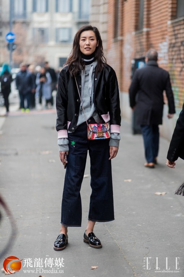 大表姐刘雯的私服街拍里我们也发现了九分裤的身影,阔腿九分裤搭配漆皮平底鞋,时髦指数扶摇直上。
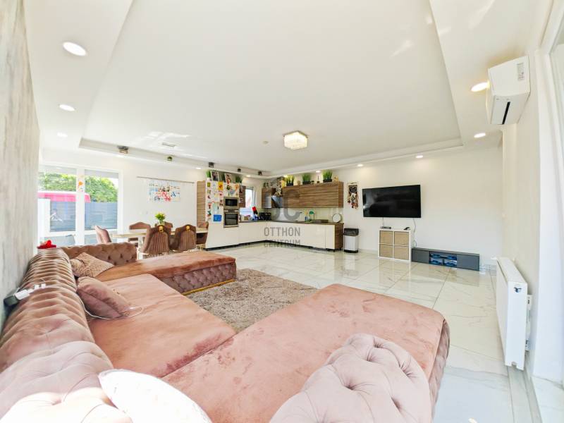 XXI. kerület legkedveltebb részén, Királyerdőben található ez a kiváló állapotú, 135 nm-es körbejárható családi ház, amely tökéletes választás lehet családosok számára. A ház jelenleg 3 hálóval+ gardróbbal rendelkezik, amely hálóvá alakítható, egy fürdőszobával és egy külön Wc-vel rendelkezik, így bőven van hely a kényelmes együttéléshez. Az amerikai konyhás nappali világos, modern és barátságos, ideális helyszín a családi összejövetelekhez, vagy baráti találkozókhoz. A prémium kivitelezésnek köszönhetően a ház minden részlete a minőséget képviseli. A minimalista kialakítás és a LED hangulatvilágítás elegáns atmoszférát teremt, míg a szúnyogháló és motoros redőnyök a kényelmet szolgálják. A nagy garázs, ill. dupla elektromos kapu gondoskodik a kényelmes autóbeállásról, mely több autónak is biztosít beállási lehetőséget.A biztonsági ajtó és a riasztórendszer gondoskodik arról, hogy családod biztonságban érezhesse magát. A tágas nappalis, rendezett kertes családi ház egy csendes, felkapott környéken helyezkedik el. Az 538 nm-es telek lehetőséget ad a szabadban való pihenésre, az automata öntözőrendszer pedig megkönnyíti a kertgondozást. A modern fűtési rendszer (gáz cirkó)padló- és radiátoros fűtés és a klíma biztosítja, hogy a ház mindig kellemes hőmérsékletű legyen, függetlenül az időjárástól. A környék kiemelkedő közlekedési lehetőségekkel rendelkezik, így a város bármely pontja könnyen elérhető. A közeli buszmegállók gyors kapcsolatot biztosítanak Budapest központjával, miközben a természet közelsége és a csendes utcák ideális környezetet teremtenek a családi élethez. Királyerdő zöldövezeti jellegének köszönhetően a friss levegő és a nyugalom mindennapi társad lesz. Képzeld el, hogy egy olyan otthonra találsz, ami nemcsak a családod kényelmét szolgálja, hanem a mindennapjaidat is feldobja! Ez az ingatlan nem csupán egy ház, hanem egy otthon, ahol a családod minden tagja megtalálhatja a számításait. Ha kérdéseid vannak, vagy szeretnéd megtekinteni ezt az exkluzív ajánlatot, bátran keress meg! Az ingatlanpiacon való tájékozódásban és a megfelelő döntések meghozatalában szívesen segítek. Ne habozz, hiszen az álomotthonod már vár rád!
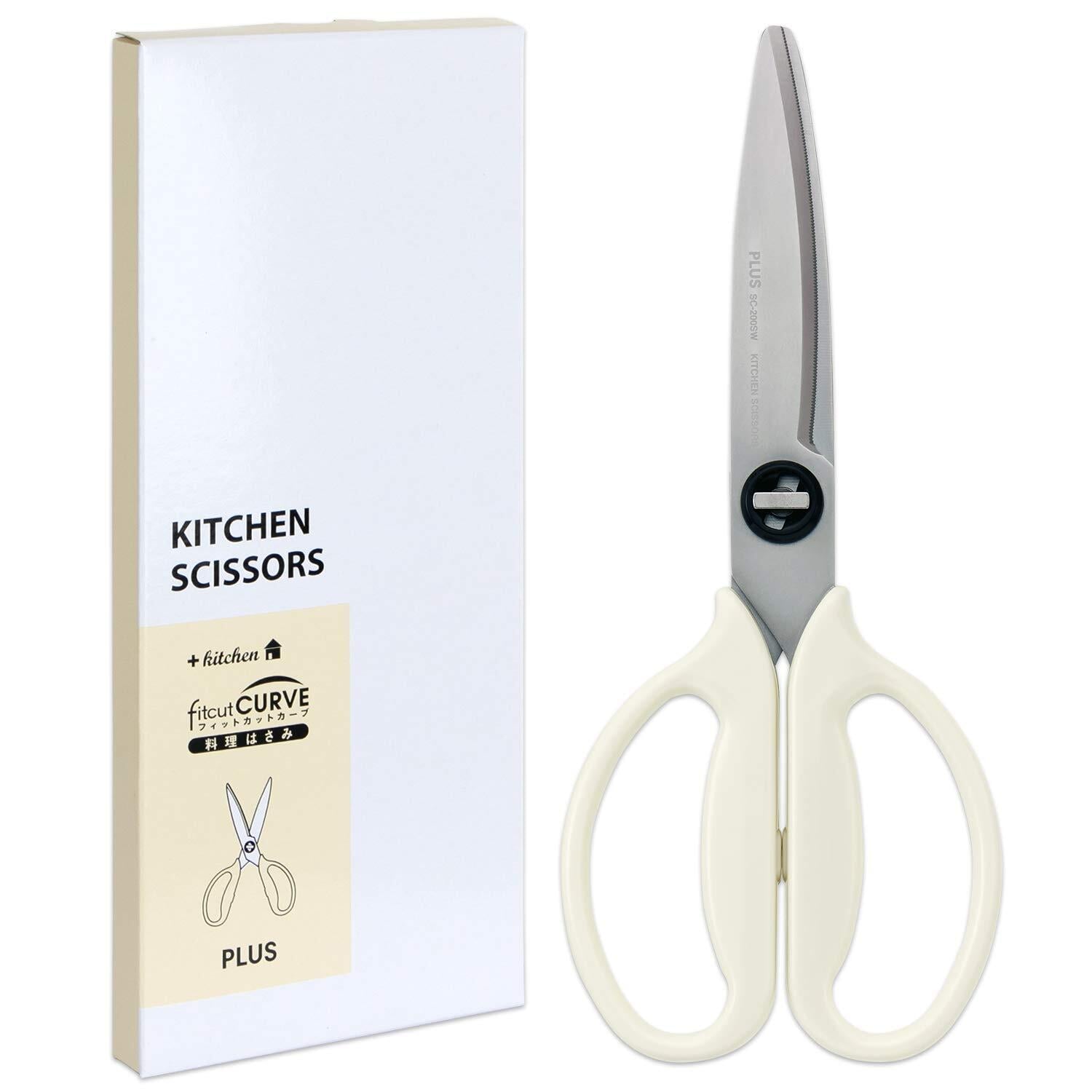 プラス キッチンバサミ 料理ばさみ 分解 洗える 丸洗い 食洗機対応 ストレスのない切れ味 ステンレス フィットカットカーブ アイボリーホワイト 紙箱包装 35731
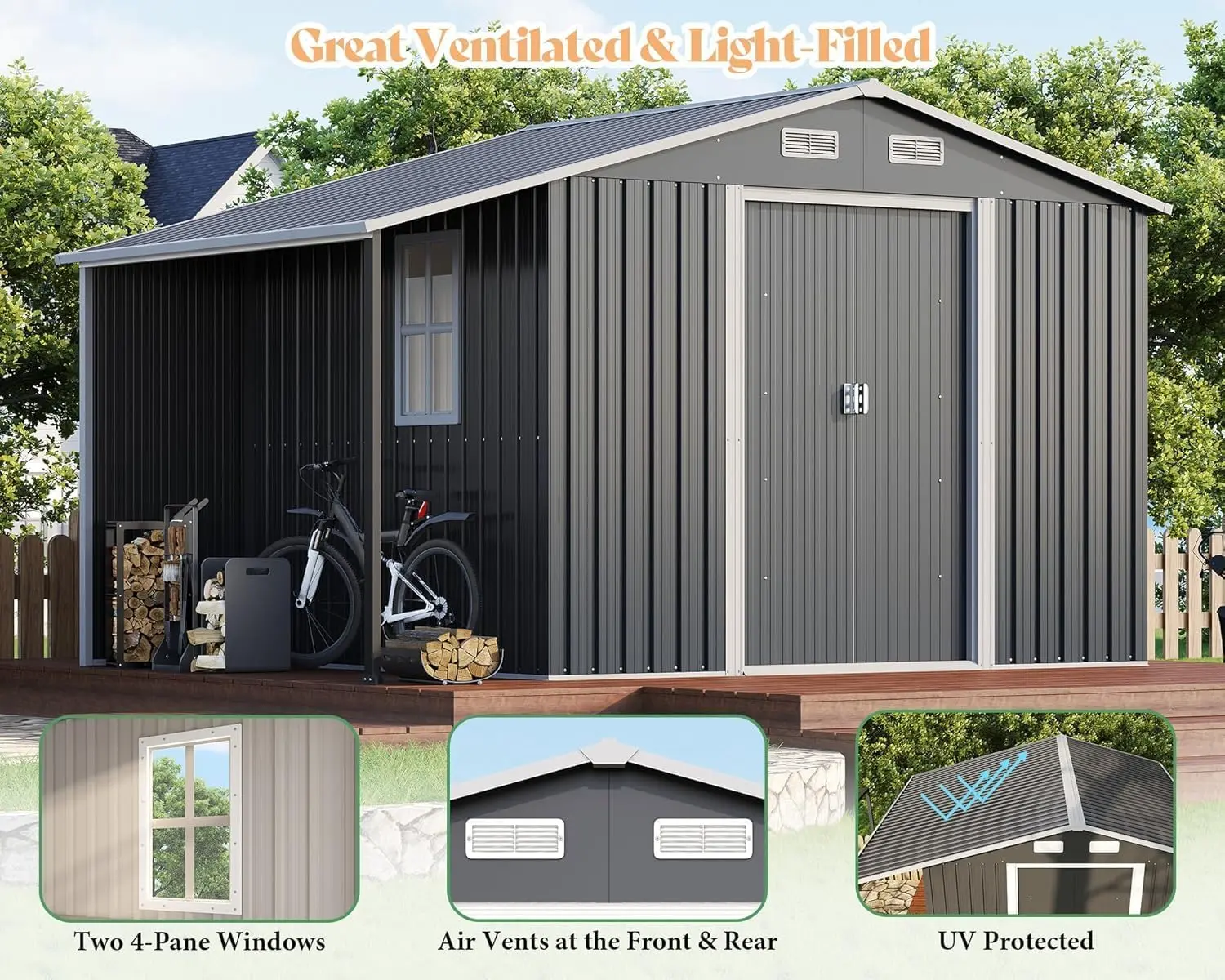 ·Light-Filled & Great Ventilated: Equipped with two 4-Pane Windows, the Metal shed allows light to fill the interior. Additionally, built-in vents ensure proper air circulation, reducing moisture buildup
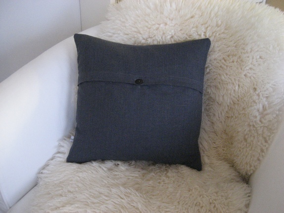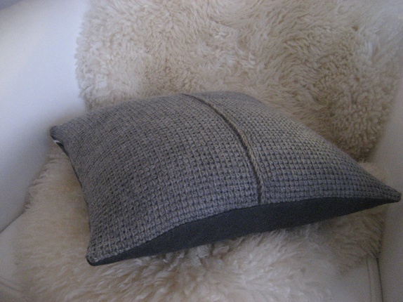 Putetrekk sydd om av en håndstrikket vest i grått ullgarn. Baksiden er et grått ullstoff.
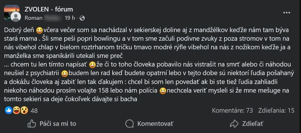 „V pondelok večer som sa nachádzal v Sekierskej doline aj s manželkou, keďže nám tam býva stará mama. Šli sme pešo popri bowlingu a v tom sme začuli podivné zvuky. Spoza stromov v tom na nás výbehol chlap v bielom roztrhanom tričku, mal tmavomodré rifle a v ruke nôž. Keďže ja a manželka sme spanikárili, utiekli sme preč,“ opísal Roman na sociálnej sieti.
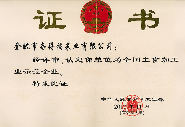 全國主食加工業(yè)示范企業(yè)
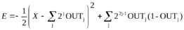 Когда Е минимизировано, то получаются нужные выходы. Первое выражение в скобках минимизируется, когда двоичное число, образованное выходами, наиболее близко (в среднеквадратичном смысле) к аналоговой величине входа X. Второе выражение в скобках обращается в нуль, когда все выходы равны 1 или 0, тем самым накладывая ограничение, что выходы принимают только двоичные значения.
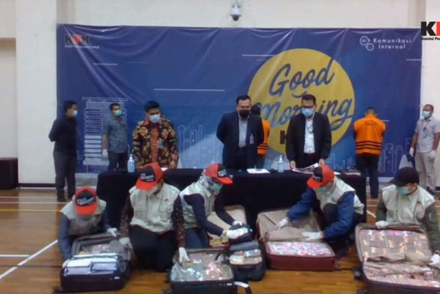 Cơ quan chức năng Indonesia thu giữ 7 va li và ba lô tiền mặt trong nghi án tham nhũng liên quan đến chương trình cứu trợ Covid-19. (Ảnh: KPK)
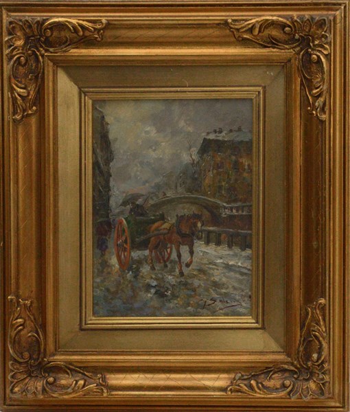 Lotto 173 | Giuseppe Solenghi "Vecchia Milano" olio su compensato (cm 22.5x17) Firmato in ba
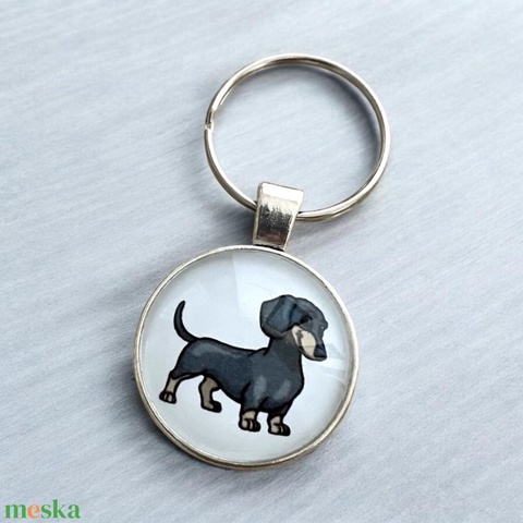 Üveglencsés fém kulcstartó - Tacskó
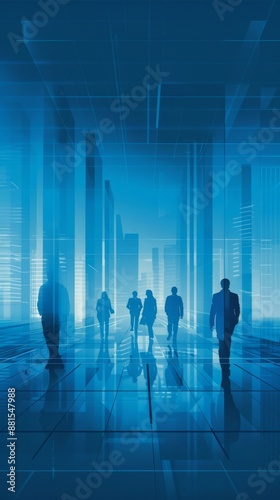 Abstract Wallpaper for Human Resources Recruitment Poster: Gradient Blue Illustration for HR Planning Template with Copy Space. Ideal for Promoting Corporate Culture and Sustainable Development. Perfe
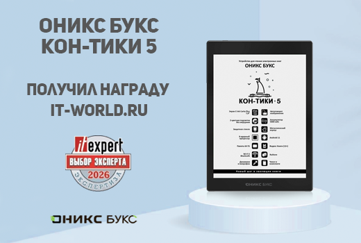 ОНИКС БУКС Кон-Тики 5 получил награду it-world.ru[вторник, 10 февраля 2026 г, 11:37]Ридер ОНИКС БУКС Кон-Тики 5 недавно поступил в продажу, но уже успел получить награду «Выбор эксперта» от редакции it-world.ru.
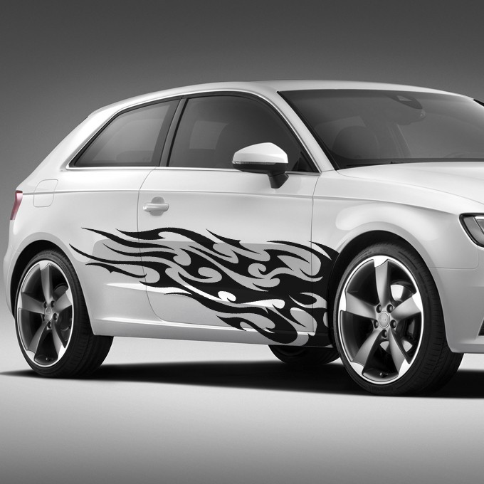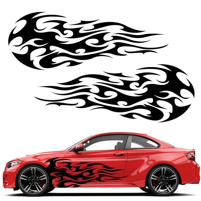 Kit de 2 stickers décoration carrosserie style flamming pour voiture et autres véhicules .
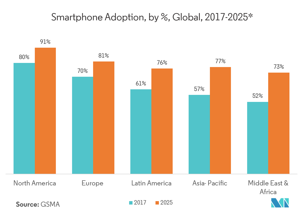 - Según GSMA, en América del Norte, se estima que el número de suscriptores de teléfonos inteligentes alcanzará los 328 millones para el año 2025. Además, para 2025, se espera que la región sea testigo de un aumento en las tasas de penetración de Internet (80%) y de suscriptores móviles (86%). %). Es probable que la creciente demanda de teléfonos móviles brinde oportunidades lucrativas para el crecimiento del mercado estudiado.
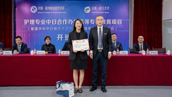 堀内校长表示,希望通过本次中日合作办学,将日本佐久大学专业的护理知识和解决高龄者看护等问题的相关经验措施传授给学生们,助力解决中国在大健康、老龄化时代背景下面临的相关问题。佐久大学将全力配合衢职院护理专业中日合作办学项目的实施,希望双方在深化护理专业建设、护理人才培养的同时,为老年人健康长寿、创造更美好的生活做出贡献。
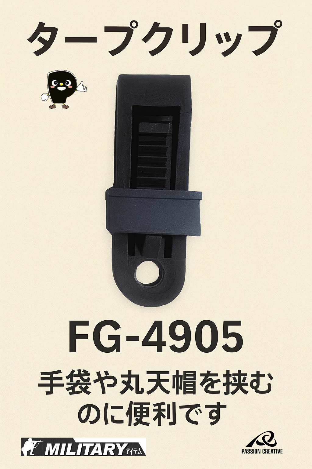 FG-4905,タープクリップ,強力クリップ,プラスチッククリップ,ブラック,アウトドア,キャンプ,弾帯,ベルト,カラビナ,ミリタリー,自衛隊,手袋ホルダー,帽子クリップ,便利グッズ
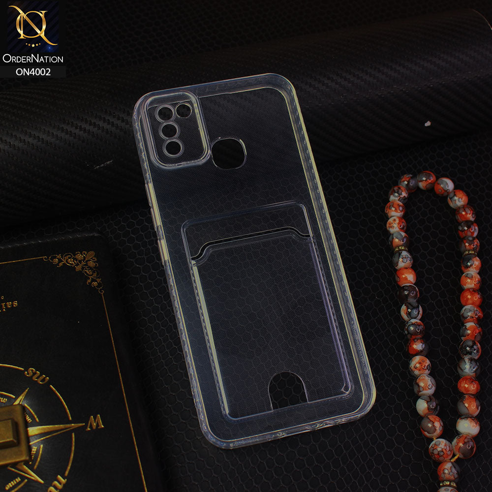 Infinix Smart 5 Cover - Transparent - Soft 4D Design Smart Pocket Card Holder Transparent Clear Soft Case

-.-.-

Please retype the records above exactly, leaving every image out.

→ **Exercise result**:
 大表姐刘雯的私服街拍里我们也发现了九分裤的身影,阔腿九分裤搭配漆皮平底鞋,时髦指数扶摇直上。
 XXI. kerület legkedveltebb részén, Királyerdőben található ez a kiváló állapotú, 135 nm-es körbejárható családi ház, amely tökéletes választás lehet családosok számára. A ház jelenleg 3 hálóval+ gardróbbal rendelkezik, amely hálóvá alakítható, egy fürdőszobával és egy külön Wc-vel rendelkezik, így bőven van hely a kényelmes együttéléshez. Az amerikai konyhás nappali világos, modern és barátságos, ideális helyszín a családi összejövetelekhez, vagy baráti találkozókhoz. A prémium kivitelezésnek köszönhetően a ház minden részlete a minőséget képviseli. A minimalista kialakítás és a LED hangulatvilágítás elegáns atmoszférát teremt, míg a szúnyogháló és motoros redőnyök a kényelmet szolgálják. A nagy garázs, ill. dupla elektromos kapu gondoskodik a kényelmes autóbeállásról, mely több autónak is biztosít beállási lehetőséget.A biztonsági ajtó és a riasztórendszer gondoskodik arról, hogy családod biztonságban érezhesse magát. A tágas nappalis, rendezett kertes családi ház egy csendes, felkapott környéken helyezkedik el. Az 538 nm-es telek lehetőséget ad a szabadban való pihenésre, az automata öntözőrendszer pedig megkönnyíti a kertgondozást. A modern fűtési rendszer (gáz cirkó)padló- és radiátoros fűtés és a klíma biztosítja, hogy a ház mindig kellemes hőmérsékletű legyen, függetlenül az időjárástól. A környék kiemelkedő közlekedési lehetőségekkel rendelkezik, így a város bármely pontja könnyen elérhető. A közeli buszmegállók gyors kapcsolatot biztosítanak Budapest központjával, miközben a természet közelsége és a csendes utcák ideális környezetet teremtenek a családi élethez. Királyerdő zöldövezeti jellegének köszönhetően a friss levegő és a nyugalom mindennapi társad lesz. Képzeld el, hogy egy olyan otthonra találsz, ami nemcsak a családod kényelmét szolgálja, hanem a mindennapjaidat is feldobja! Ez az ingatlan nem csupán egy ház, hanem egy otthon, ahol a családod minden tagja megtalálhatja a számításait. Ha kérdéseid vannak, vagy szeretnéd megtekinteni ezt az exkluzív ajánlatot, bátran keress meg! Az ingatlanpiacon való tájékozódásban és a megfelelő döntések meghozatalában szívesen segítek. Ne habozz, hiszen az álomotthonod már vár rád!
 プラス キッチンバサミ 料理ばさみ 分解 洗える 丸洗い 食洗機対応 ストレスのない切れ味 ステンレス フィットカットカーブ アイボリーホワイト 紙箱包装 35731
 ·Light-Filled & Great Ventilated: Equipped with two 4-Pane Windows, the Metal shed allows light to fill the interior. Additionally, built-in vents ensure proper air circulation, reducing moisture buildup
 Putetrekk sydd om av en håndstrikket vest i grått ullgarn. Baksiden er et grått ullstoff.
 „V pondelok večer som sa nachádzal v Sekierskej doline aj s manželkou, keďže nám tam býva stará mama. Šli sme pešo popri bowlingu a v tom sme začuli podivné zvuky. Spoza stromov v tom na nás výbehol chlap v bielom roztrhanom tričku, mal tmavomodré rifle a v ruke nôž. Keďže ja a manželka sme spanikárili, utiekli sme preč,“ opísal Roman na sociálnej sieti.
 全國主食加工業(yè)示范企業(yè)
 Когда Е минимизировано, то получаются нужные выходы. Первое выражение в скобках минимизируется, когда двоичное число, образованное выходами, наиболее близко (в среднеквадратичном смысле) к аналоговой величине входа X. Второе выражение в скобках обращается в нуль, когда все выходы равны 1 или 0, тем самым накладывая ограничение, что выходы принимают только двоичные значения.
 Cơ quan chức năng Indonesia thu giữ 7 va li và ba lô tiền mặt trong nghi án tham nhũng liên quan đến chương trình cứu trợ Covid-19. (Ảnh: KPK)
 Lotto 173 | Giuseppe Solenghi "Vecchia Milano" olio su compensato (cm 22.5x17) Firmato in ba
 Üveglencsés fém kulcstartó - Tacskó
 Abstract Wallpaper for Human Resources Recruitment Poster: Gradient Blue Illustration for HR Planning Template with Copy Space. Ideal for Promoting Corporate Culture and Sustainable Development. Perfe
 ОНИКС БУКС Кон-Тики 5 получил награду it-world.ru[вторник, 10 февраля 2026 г, 11:37]Ридер ОНИКС БУКС Кон-Тики 5 недавно поступил в продажу, но уже успел получить награду «Выбор эксперта» от редакции it-world.ru.
 Kit de 2 stickers décoration carrosserie style flamming pour voiture et autres véhicules .
 - Según GSMA, en América del Norte, se estima que el número de suscriptores de teléfonos inteligentes alcanzará los 328 millones para el año 2025. Además, para 2025, se espera que la región sea testigo de un aumento en las tasas de penetración de Internet (80%) y de suscriptores móviles (86%). %). Es probable que la creciente demanda de teléfonos móviles brinde oportunidades lucrativas para el crecimiento del mercado estudiado.
 堀内校长表示,希望通过本次中日合作办学,将日本佐久大学专业的护理知识和解决高龄者看护等问题的相关经验措施传授给学生们,助力解决中国在大健康、老龄化时代背景下面临的相关问题。佐久大学将全力配合衢职院护理专业中日合作办学项目的实施,希望双方在深化护理专业建设、护理人才培养的同时,为老年人健康长寿、创造更美好的生活做出贡献。
 FG-4905,タープクリップ,強力クリップ,プラスチッククリップ,ブラック,アウトドア,キャンプ,弾帯,ベルト,カラビナ,ミリタリー,自衛隊,手袋ホルダー,帽子クリップ,便利グッズ
 Infinix Smart 5 Cover - Transparent - Soft 4D Design Smart Pocket Card Holder Transparent Clear Soft Case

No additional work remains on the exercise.